His anger rang in the silent room, Evie close to tears—no, crying now, wiping them hurriedly from her face. “I didn’t fail,” she said.
“I bloody well know. The whole world knows.”
“No, I mean at Conyers. I didn’t fail. I got into your laptop. I had it on my knee. All your emails. Everything. And I didn’t do it.” She took a pleading step towards him. “I didn’t do it, Aubrey. I swear on my life. Here—” She got her phone out. “Look. This is the message I sent Zig.”
She held out the phone. He could barely focus on the screen, caught a glimpse of the words I can’t… I quit.
“I’m meant to believe that, am I? Maybe you changed your mind.”
“I didn’t.”
“So it’s all a coincidence, is it? My emails get leaked weeks after you were tasked with doing that exact thing, and I’m supposed to believe you had nothing to do with it?”
“ Weeks afterwards, Aubrey. Don’t you see? I saw them online. They’re dated right up until you left BlacktonGold. How was I meant to get hold of them if we weren’t even speaking at that point? Unless you think I snuck into your office? Hid under your desk and happened to pop up the minute you left the building?”
Aubrey stared at her. Because there had been someone in his office the day—the very moment—that he quit. Liv.
He thought back furiously. She’d been sitting at his desk. When he went to his computer to download his contact details, his computer had been unlocked, his emails open, just how he had left them when he stormed from his room to confront George.

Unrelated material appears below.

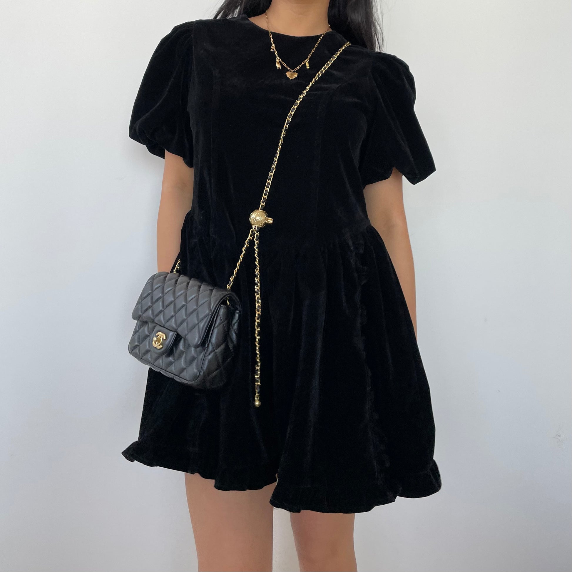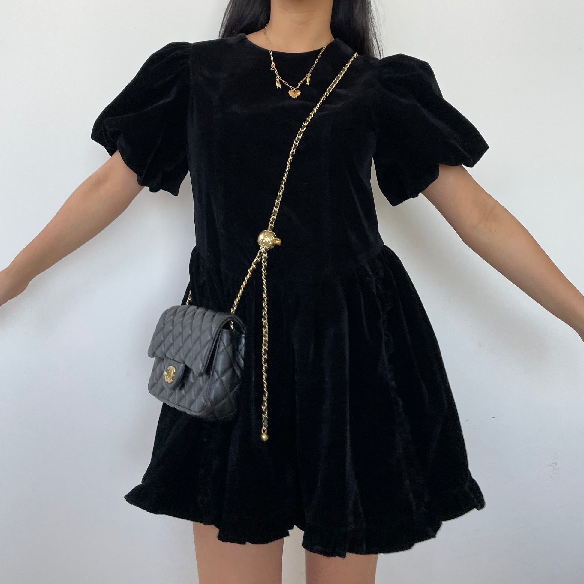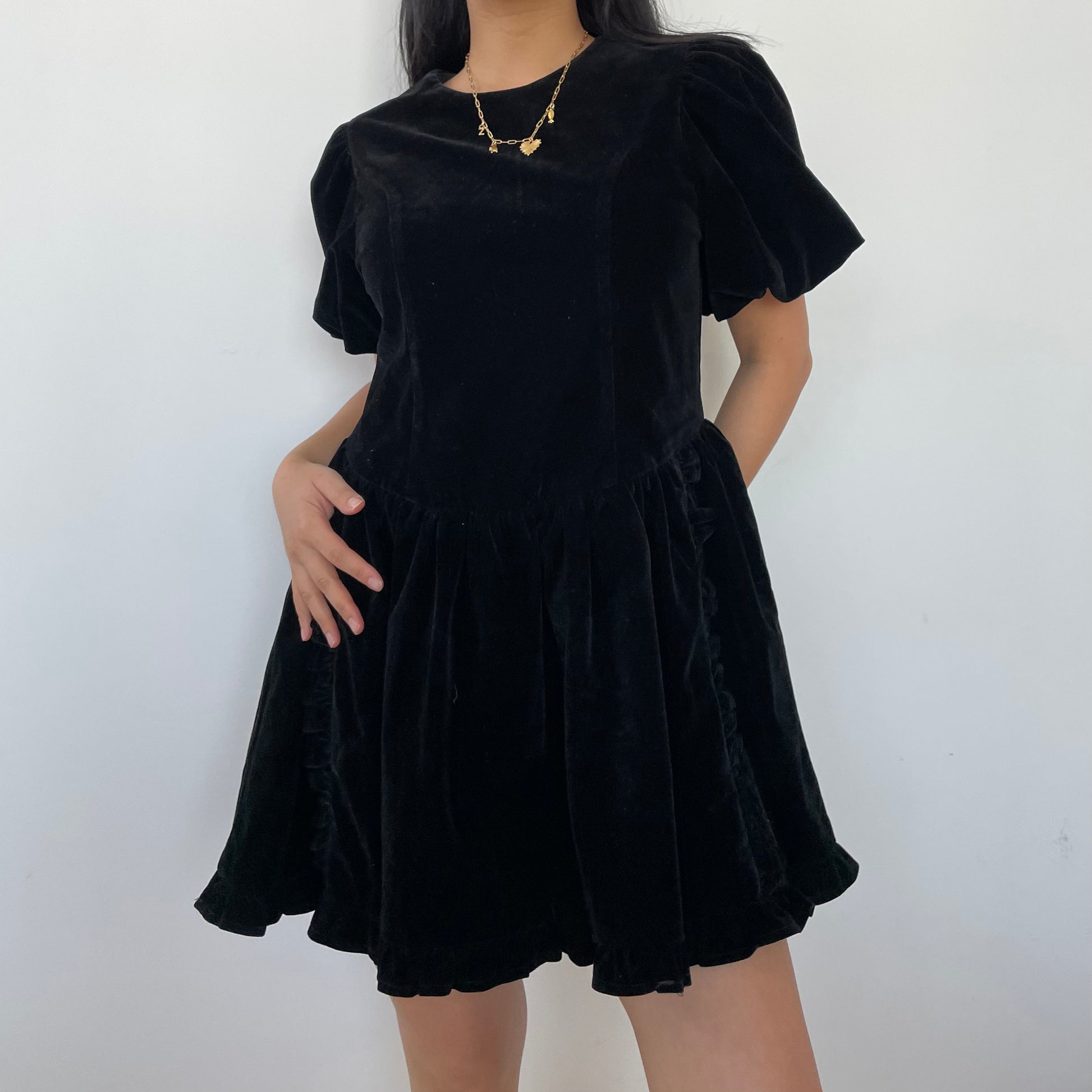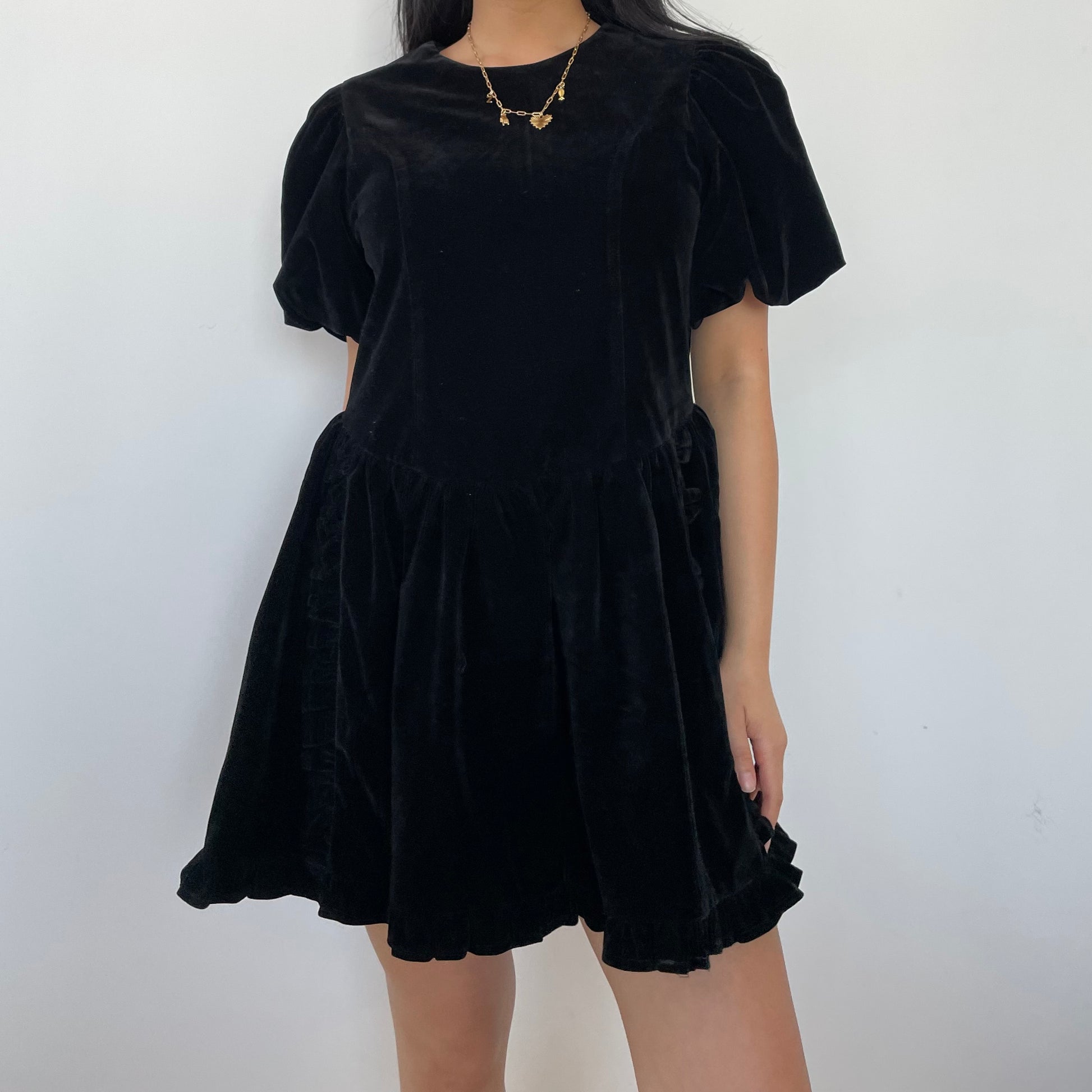 - Details: Black babydoll dress; double lined; thick velvet material; puff sleeves; ruffle lined hem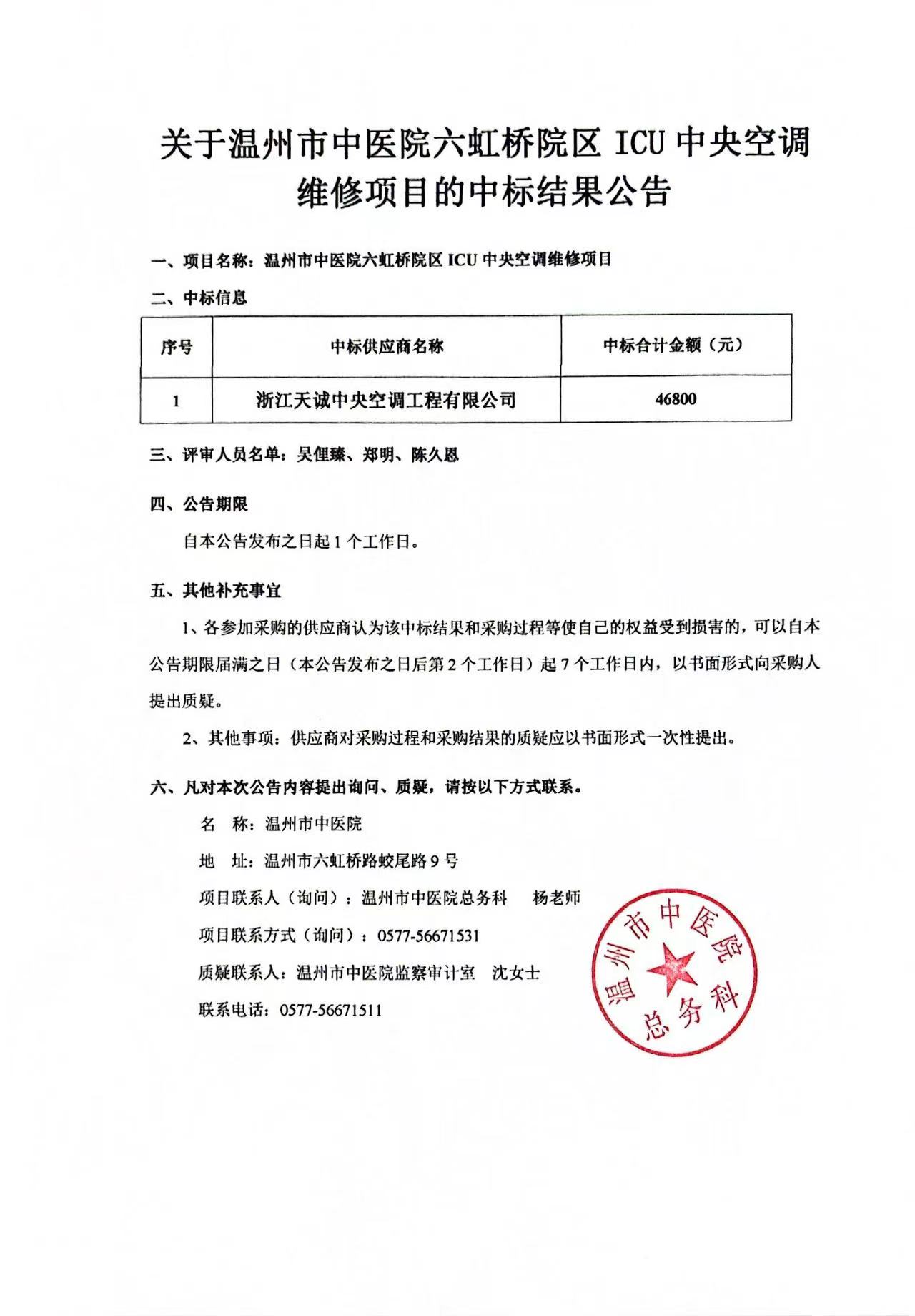 关于香蕉视频 六虹桥院区ICU中央空调维修项目的中标结果公告

He’d been gone long enough that the screen ought to have locked. But if someone had seen him leave his office, had snuck in just after he went, gone straight to his computer…
“Fuck.”
He put a hand over his eyes, thinking. He’d been so angry that he’d walked out and left her there, too. She would have had all the time in the world to get what she wanted. But why…?
I’ll save you. Liv, angry and hurt in his flat. You’ll see which one of us you should have chosen.
“It was Liv.”
He looked up, found Evie looking at him, no surprise on her face. Somehow, she already knew.
“It was Liv,” he said again. “She was in my office the day I quit. And she knew about you and FTP. Her goons at HallardPuck had probably been monitoring FTP on Domnall’s behalf.”
Evie nodded. “They had. Got into their emails. Found out all the plans. Slapped a million legal threats on them.”
“That’s how she got the emails. Your emails.”
Evie nodded again, a small, unhappy nod. Because Liv might have betrayed him, but Evie had planned to. How the hell did they move on from that?
“Evie…” he said, because he knew himself. He was close to giving in, forgiving her, or thinking he had. And for the sake of his sanity, he knew he shouldn’t. Not so quickly.
“I know,” she said. “It’s going to take time. But it was real, Aubrey. It’s been real from the start. I just didn’t realise.”
And she left, with a smile so fragile it crushed him all over again.